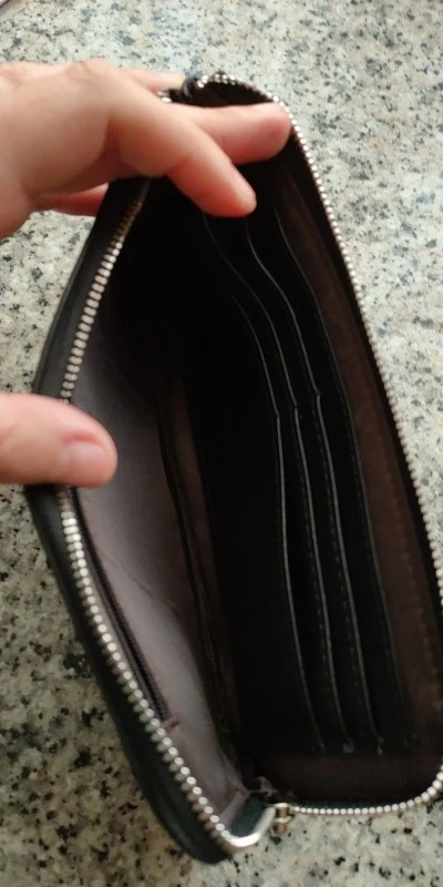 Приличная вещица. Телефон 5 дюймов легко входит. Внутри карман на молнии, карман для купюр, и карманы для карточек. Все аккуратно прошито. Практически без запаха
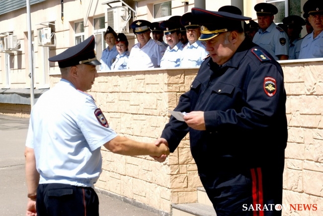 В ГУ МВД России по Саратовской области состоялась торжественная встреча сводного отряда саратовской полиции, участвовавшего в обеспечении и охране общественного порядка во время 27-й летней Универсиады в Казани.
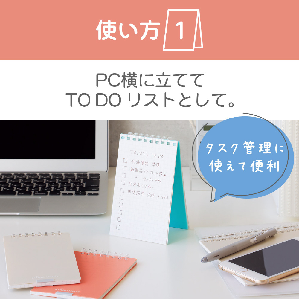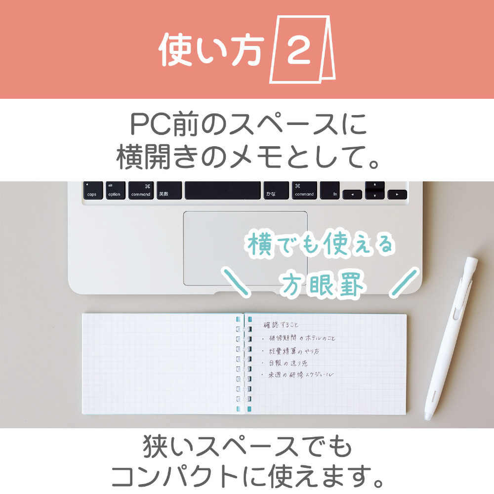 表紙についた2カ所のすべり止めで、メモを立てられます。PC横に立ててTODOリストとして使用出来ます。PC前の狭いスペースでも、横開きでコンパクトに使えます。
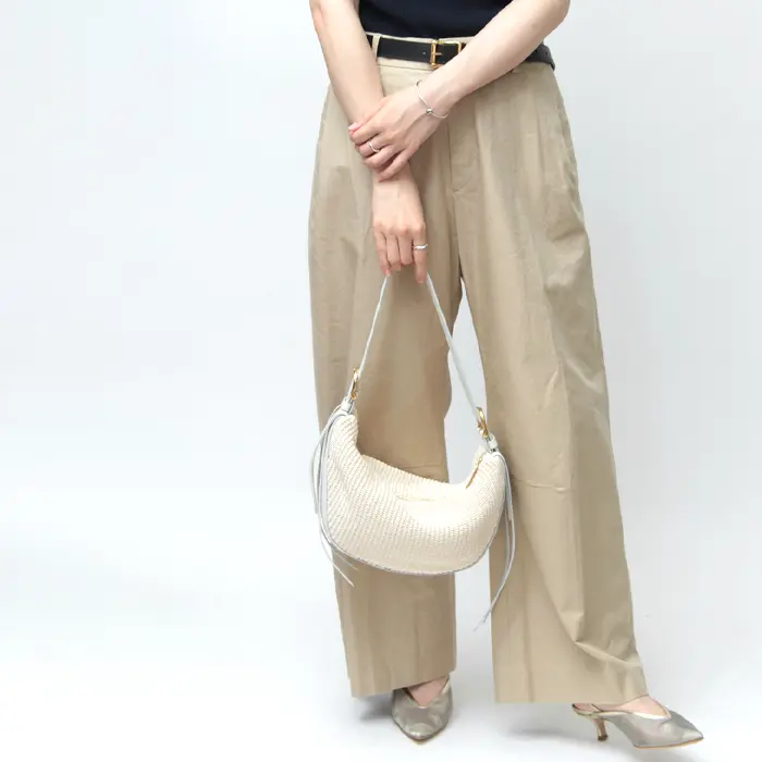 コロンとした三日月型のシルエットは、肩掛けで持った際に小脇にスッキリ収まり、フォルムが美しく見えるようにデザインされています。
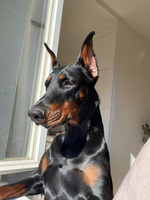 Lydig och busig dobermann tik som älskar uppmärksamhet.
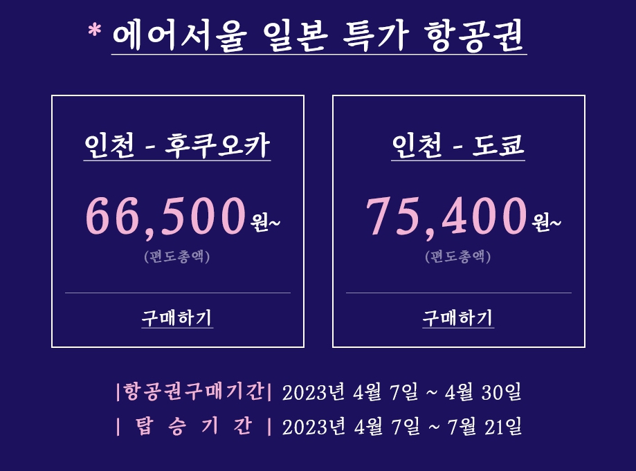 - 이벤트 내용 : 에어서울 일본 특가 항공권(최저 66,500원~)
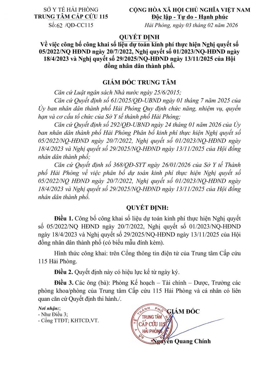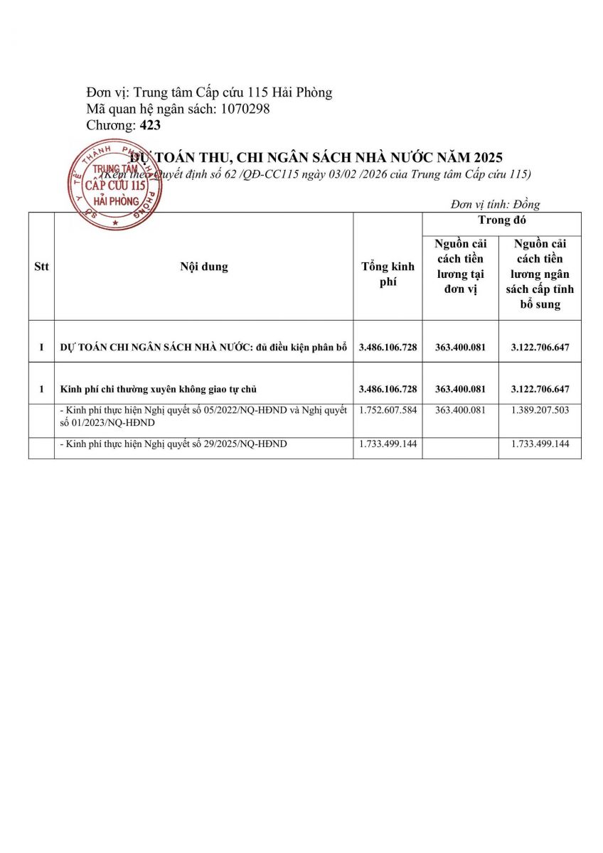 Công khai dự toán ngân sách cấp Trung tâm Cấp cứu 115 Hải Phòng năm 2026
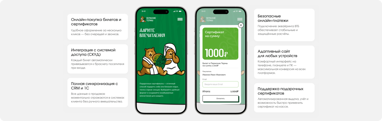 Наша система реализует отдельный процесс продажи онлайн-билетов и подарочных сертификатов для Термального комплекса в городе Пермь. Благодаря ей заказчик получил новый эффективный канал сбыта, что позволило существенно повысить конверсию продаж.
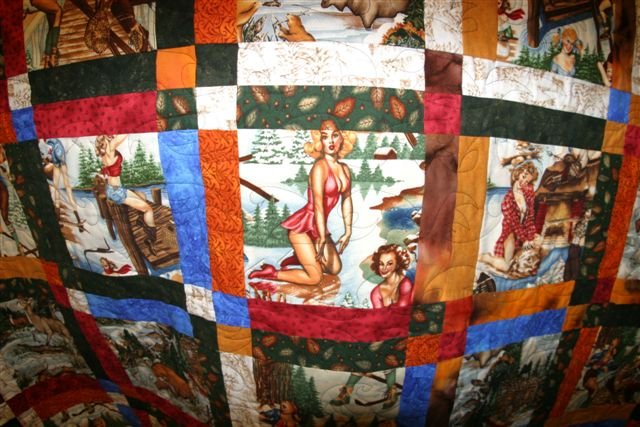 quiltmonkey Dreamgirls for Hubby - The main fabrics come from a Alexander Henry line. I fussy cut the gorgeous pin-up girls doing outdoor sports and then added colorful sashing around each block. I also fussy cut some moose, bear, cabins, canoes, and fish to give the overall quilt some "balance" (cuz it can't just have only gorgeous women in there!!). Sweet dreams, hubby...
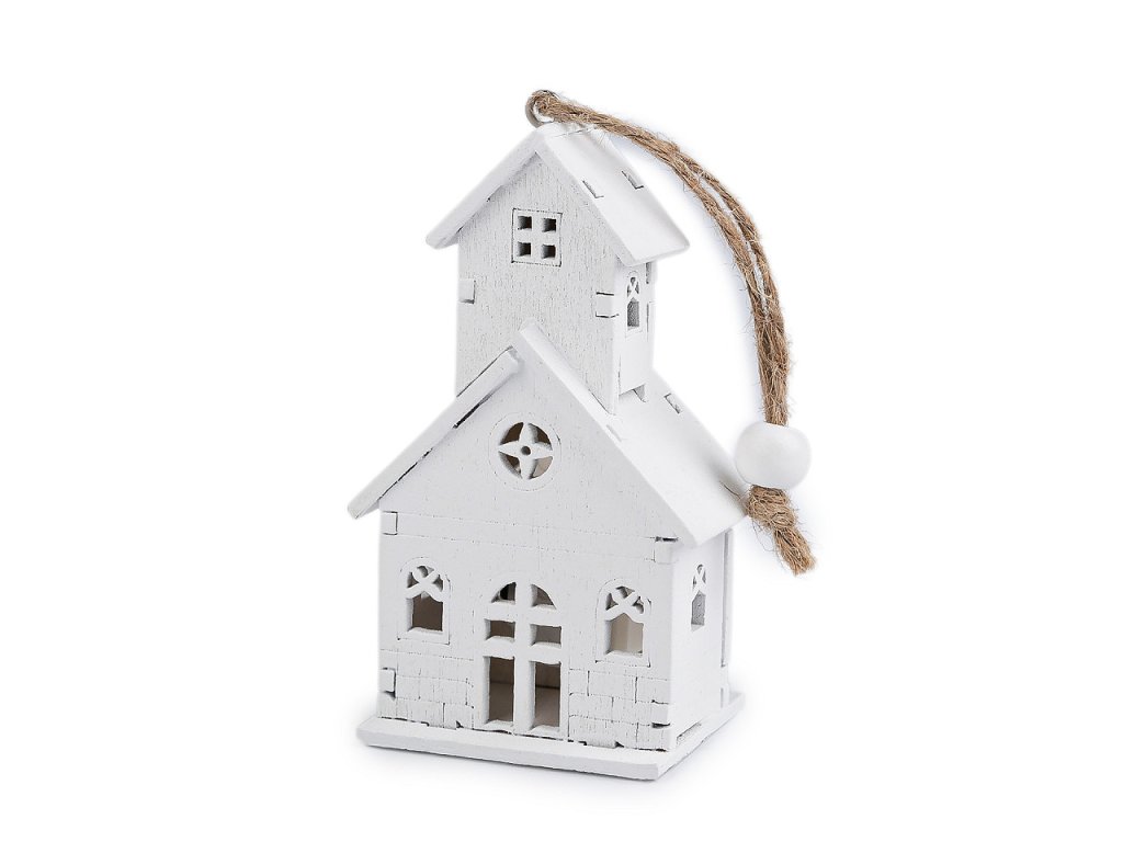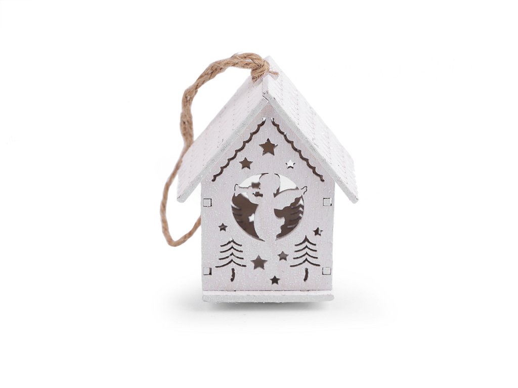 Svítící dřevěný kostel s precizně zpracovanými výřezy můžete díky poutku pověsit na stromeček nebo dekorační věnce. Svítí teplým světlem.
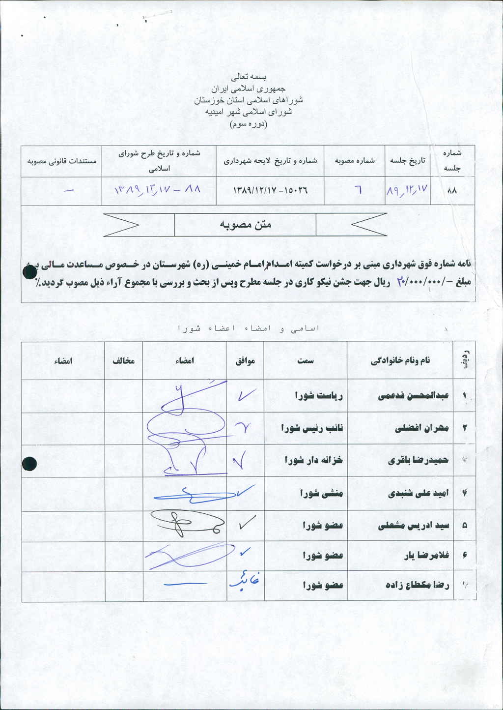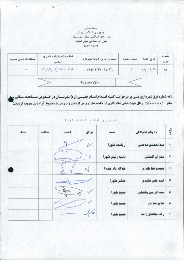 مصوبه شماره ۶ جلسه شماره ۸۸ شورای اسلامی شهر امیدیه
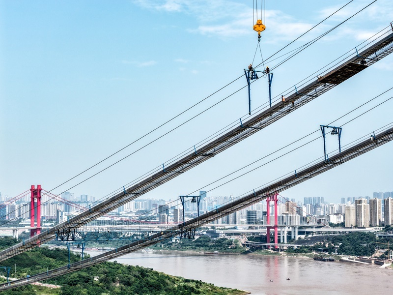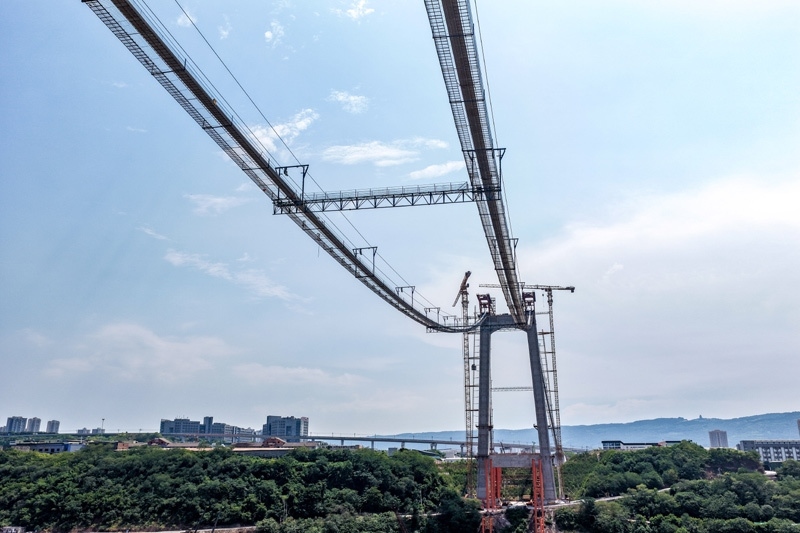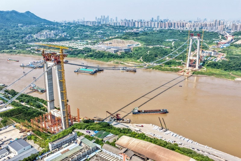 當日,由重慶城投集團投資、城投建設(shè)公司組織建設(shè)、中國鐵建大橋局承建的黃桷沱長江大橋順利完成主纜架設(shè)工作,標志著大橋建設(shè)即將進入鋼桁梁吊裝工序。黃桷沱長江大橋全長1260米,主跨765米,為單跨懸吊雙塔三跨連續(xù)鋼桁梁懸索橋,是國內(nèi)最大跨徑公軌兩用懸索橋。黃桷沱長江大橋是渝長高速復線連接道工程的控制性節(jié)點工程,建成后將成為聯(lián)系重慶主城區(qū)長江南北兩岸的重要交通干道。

[WHAT YOU NEED TO DO] Pictures aside, every entry above must be repeated exactly.

[RESPONSE BELOW]
 Приличная вещица. Телефон 5 дюймов легко входит. Внутри карман на молнии, карман для купюр, и карманы для карточек. Все аккуратно прошито. Практически без запаха
 В ГУ МВД России по Саратовской области состоялась торжественная встреча сводного отряда саратовской полиции, участвовавшего в обеспечении и охране общественного порядка во время 27-й летней Универсиады в Казани.
 表紙についた2カ所のすべり止めで、メモを立てられます。PC横に立ててTODOリストとして使用出来ます。PC前の狭いスペースでも、横開きでコンパクトに使えます。
 コロンとした三日月型のシルエットは、肩掛けで持った際に小脇にスッキリ収まり、フォルムが美しく見えるようにデザインされています。
 Lydig och busig dobermann tik som älskar uppmärksamhet.
 - 이벤트 내용 : 에어서울 일본 특가 항공권(최저 66,500원~)
 Công khai dự toán ngân sách cấp Trung tâm Cấp cứu 115 Hải Phòng năm 2026
 Наша система реализует отдельный процесс продажи онлайн-билетов и подарочных сертификатов для Термального комплекса в городе Пермь. Благодаря ей заказчик получил новый эффективный канал сбыта, что позволило существенно повысить конверсию продаж.
 quiltmonkey Dreamgirls for Hubby - The main fabrics come from a Alexander Henry line. I fussy cut the gorgeous pin-up girls doing outdoor sports and then added colorful sashing around each block. I also fussy cut some moose, bear, cabins, canoes, and fish to give the overall quilt some "balance" (cuz it can't just have only gorgeous women in there!!). Sweet dreams, hubby...
 Svítící dřevěný kostel s precizně zpracovanými výřezy můžete díky poutku pověsit na stromeček nebo dekorační věnce. Svítí teplým světlem.
 مصوبه شماره ۶ جلسه شماره ۸۸ شورای اسلامی شهر امیدیه
 當日,由重慶城投集團投資、城投建設(shè)公司組織建設(shè)、中國鐵建大橋局承建的黃桷沱長江大橋順利完成主纜架設(shè)工作,標志著大橋建設(shè)即將進入鋼桁梁吊裝工序。黃桷沱長江大橋全長1260米,主跨765米,為單跨懸吊雙塔三跨連續(xù)鋼桁梁懸索橋,是國內(nèi)最大跨徑公軌兩用懸索橋。黃桷沱長江大橋是渝長高速復線連接道工程的控制性節(jié)點工程,建成后將成為聯(lián)系重慶主城區(qū)長江南北兩岸的重要交通干道。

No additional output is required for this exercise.